Images are not wanted; transcribe the rest of the listing exactly.

_Information shown_
==========

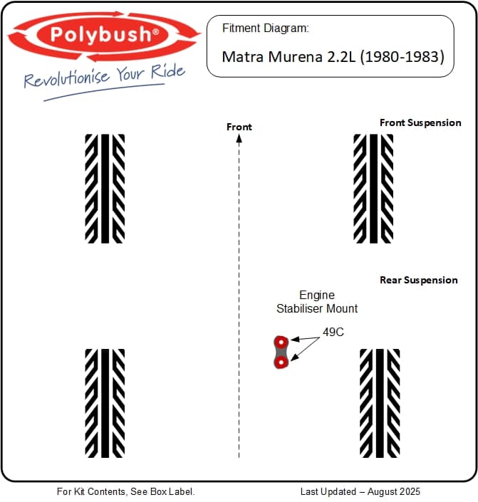 Enhance your Matra Murena’s unique handling with high-performance polyurethane suspension bushes from Polybush. Designed to outlast rubber and sharpen response, our bushes improve ride quality, reduce play, and preserve this rare mid-engined classic’s original charm. Perfect for road, rally or restoration, Polybush delivers comfort, control and longevity – all proudly made in the UK.
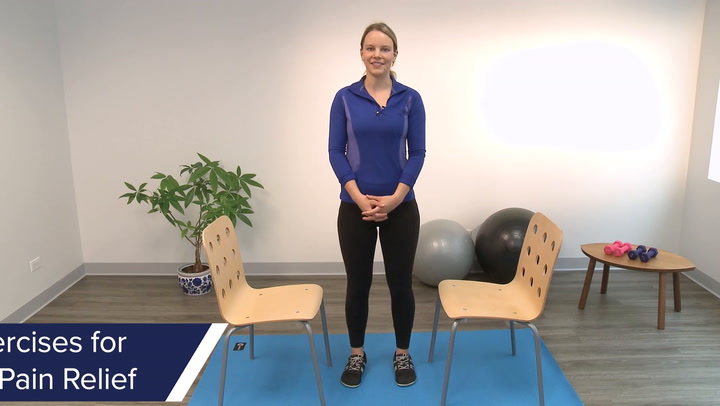 Hola a todos. Soy Natalie y hoy Veritas Health le ofrece cinco ejercicios fáciles para aliviar el dolor lumbar. El primer ejercicio es un estiramiento del tendón de la corva sentado. Se sentará en una silla y colocará el talón en una silla frente a usted, manteniendo la espalda recta. Usted girará hacia adelante en sus caderas hasta que se sienta un estiramiento suave a través de la parte posterior de su muslo. Puede mantener este estiramiento durante al menos 15 segundos, trabajando hasta tres veces en cada lado. Otra forma en que se puede realizar un estiramiento de isquiotibiales es contra una pared o un atasco de puerta. Usted se acostará boca arriba con una pierna recta y luego una pierna apoyada contra una pared. Puede mantener este agradable estiramiento relajante hasta por un minuto, trabajando hasta tres veces en cada lado.
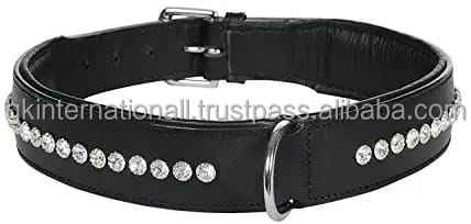 Collier de chien en cuir pu, rembourré à cristaux
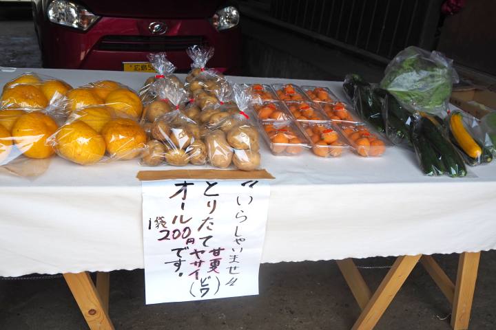 お店の前では元気な話し声が聞こえたので行ってみると、お母さん達がお野菜を売っていました。

==========

_Response to the exercise_
 Enhance your Matra Murena’s unique handling with high-performance polyurethane suspension bushes from Polybush. Designed to outlast rubber and sharpen response, our bushes improve ride quality, reduce play, and preserve this rare mid-engined classic’s original charm. Perfect for road, rally or restoration, Polybush delivers comfort, control and longevity – all proudly made in the UK.
 Hola a todos. Soy Natalie y hoy Veritas Health le ofrece cinco ejercicios fáciles para aliviar el dolor lumbar. El primer ejercicio es un estiramiento del tendón de la corva sentado. Se sentará en una silla y colocará el talón en una silla frente a usted, manteniendo la espalda recta. Usted girará hacia adelante en sus caderas hasta que se sienta un estiramiento suave a través de la parte posterior de su muslo. Puede mantener este estiramiento durante al menos 15 segundos, trabajando hasta tres veces en cada lado. Otra forma en que se puede realizar un estiramiento de isquiotibiales es contra una pared o un atasco de puerta. Usted se acostará boca arriba con una pierna recta y luego una pierna apoyada contra una pared. Puede mantener este agradable estiramiento relajante hasta por un minuto, trabajando hasta tres veces en cada lado.
 Collier de chien en cuir pu, rembourré à cristaux
 お店の前では元気な話し声が聞こえたので行ってみると、お母さん達がお野菜を売っていました。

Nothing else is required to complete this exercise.